Зубы и кости: главная функция макроэлемента - функция структурного материала, создание и поддержание полноценных зубов и костей. В составе костной ткани кальций содержится в двух формах: свободной и связанной. Если резервы минерального вещества в свободной форме истощены, извлекается кальций из костей для поддержания его уровня в крови. Каждый год на 20% происходит обновление костей в организме взрослого человека.

Сокращение мышечной ткани: кальций оказывает влияние на сокращения мышц и, действуя на сердечную мышцу, координирует сердцебиение.

ЦНС: требуется для передачи нервных импульсов, активизируя действие ферментов, принимающих участие в синтезе нейромедиаторов.

Сердечно-сосудистая система: вместе с магнием, калием, натрием кальций регулирует давление крови.

Система крови: усиливает действие витамина K (протромбин), являющегося основным фактором нормальной свертываемости крови.

Клеточные мембраны: кальций воздействует на проницаемость мембран, требуется для транспортировки питательных веществ и иных соединений сквозь клеточные мембраны, а также с целью укрепления соединительных тканей клеток.

Иные функции: способствует укреплению иммунной системы, синтезу и активации многих ферментов и гормонов (оказывает десенсибилизирующее и противовоспалительное действие на функцию эндокринных желез), которые принимают участие в переваривании пищи, синтезе слюны, жировом обмене и метаболизме энергии.

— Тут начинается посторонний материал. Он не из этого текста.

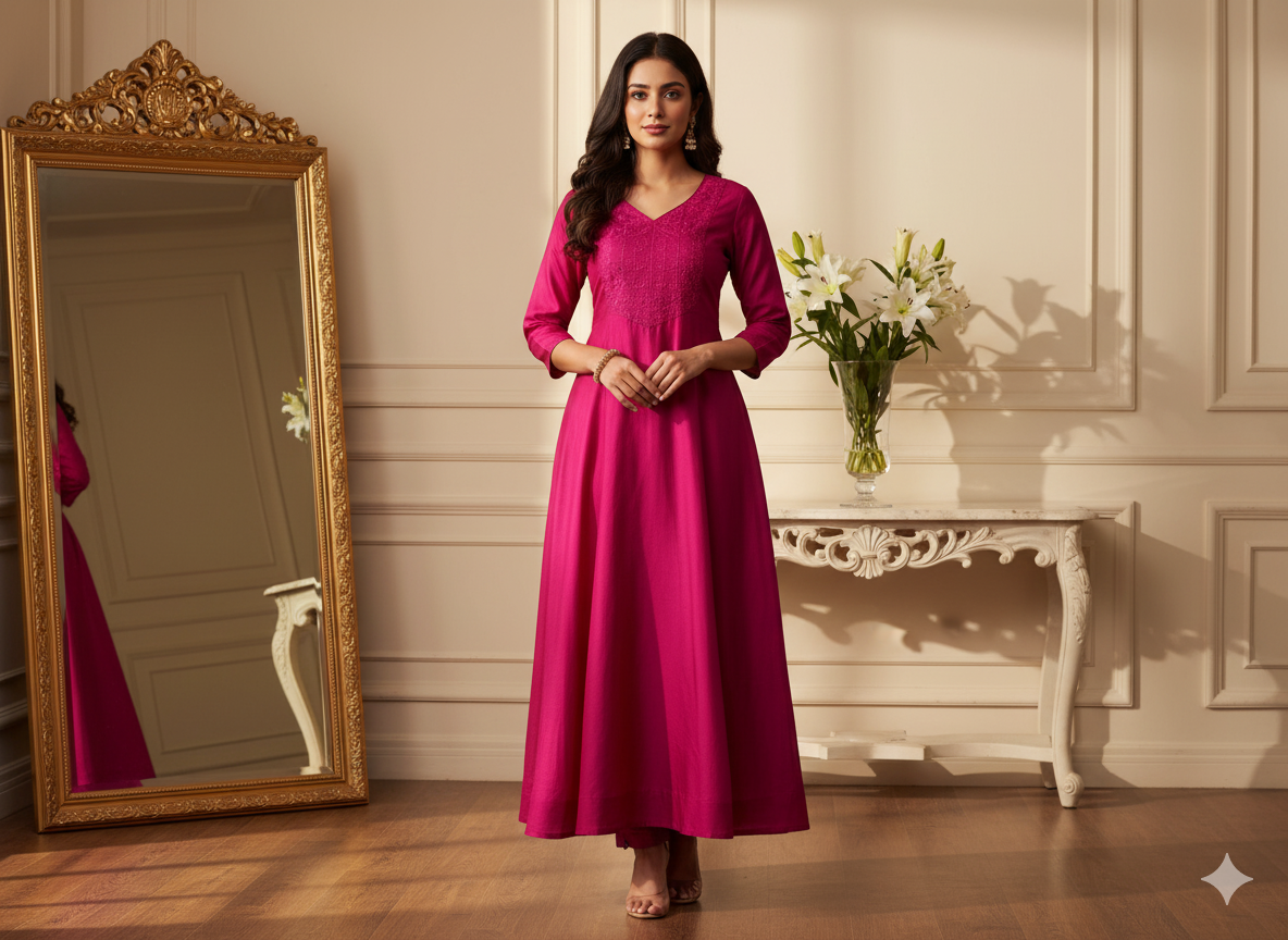 प्लेन प्योर विस्कोस गाजी सिल्क फैब्रिक एक शानदार, मुलायम कपड़ा है जो रेशम की नाजुक चमक को विस्कोस की चिकनी बनावट के साथ जोड़ता है। गाजी सिल्क, एक प्रकार का उच्च गुणवत्ता वाला रेशम है, जिसे एक सूक्ष्म चमकदार फिनिश के साथ एक समृद्ध, चिकनी सतह बनाने के लिए बुना जाता है। यह कपड़ा हल्का है, फिर भी इसमें घना, संरचित एहसास है, जो इसे औपचारिक और अर्ध-औपचारिक दोनों तरह के परिधानों में खूबसूरती से लपेटने के लिए आदर्श बनाता है। कपड़े की सादी बुनाई सूक्ष्म गहराई और प्रवाह के साथ एक साफ, परिष्कृत रूप सुनिश्चित करती है, और यह विभिन्न रंगों में उपलब्ध है। विस्कोस घटक सांस लेने की क्षमता, नमी अवशोषण और एक नरम स्पर्श में योगदान देता है, जिससे यह कपड़ा ड्रेस, ब्लाउज, स्कार्फ और हल्के शाम के पहनने के लिए एकदम सही है। यह शुद्ध रेशम की तुलना में अपने स्थायित्व और देखभाल में आसानी के लिए भी जाना जाता है, हालांकि यह अभी भी एक सुंदर लालित्य और परिष्कृत अपील बनाए रखता है।

Итак, роль кальция в организме: координация проницаемости клеточных мембран, внутриклеточных процессов, нервной проводимости, сокращений мышц, поддержание работы сердечно-сосудистой системы, формирование костей и минерализация зубов, участие в важнейшем этапе работы системы гемостаза - свертывании крови.

Суточная норма кальция

Количество кальция в организме человека составляет 1,4% из расчета 1000 г на 70 кг массы тела. У новорожденного ребенка уровень макроэлемента составляет 30 г, возрастая к периоду зрелости до 1000-1200 г. Для этого необходимо ежедневное пополнение из рациона в размере 100 - 150 мг кальция. Максимум достигается в период половой зрелости: 280 мг - для мужчин и 200 мг - для женщин. После этого в период зрелости начинается снижение 10-30 мг в день. Мужчины к 65-летнему возрасту, женщины после менопаузы утрачивают способность поддерживать определенный уровень кальция.

Общая суточная норма кальция - 800 - 1250 мг, максимально допустимое количество потребления - 2500 мг.

Суточная норма кальция возрастает в период беременности и лактации, терапии глюкокортикостероидами и анаболическими стероидами, при чрезмерном потоотделении, при профессиональном контакте с вредностями (пылью от фосфатных удобрений, фторсодержащей пылью), у спортсменов.

Хорошими поставщиками кальция могут быть - молоко, молочные продукты (творог, твердые сыры), яйца, рыба, а также зеленых овощи, орехи. Один из источников кальция - питьевая вода (в 1 литре его содержится до 350-500 мг). С питьевой водой поступает 10-30% кальция (в зависимости от жесткости воды). Однако, со своей стороны замечу, что наилучшими поставщиками кальция являются зеленые и листовые овощи. Обратите внимание: капуста и базилик содержат больше кальция, чем молоко. В то же время сыры, несмотря на высокое содержание кальция, вынуждают использовать почти весь имеющийся у них кальций (а в некоторых случаях и еще большее количество) для поддержания кислотно - щелочного равновесия в организме, которое изменяется при употреблении таких продуктов.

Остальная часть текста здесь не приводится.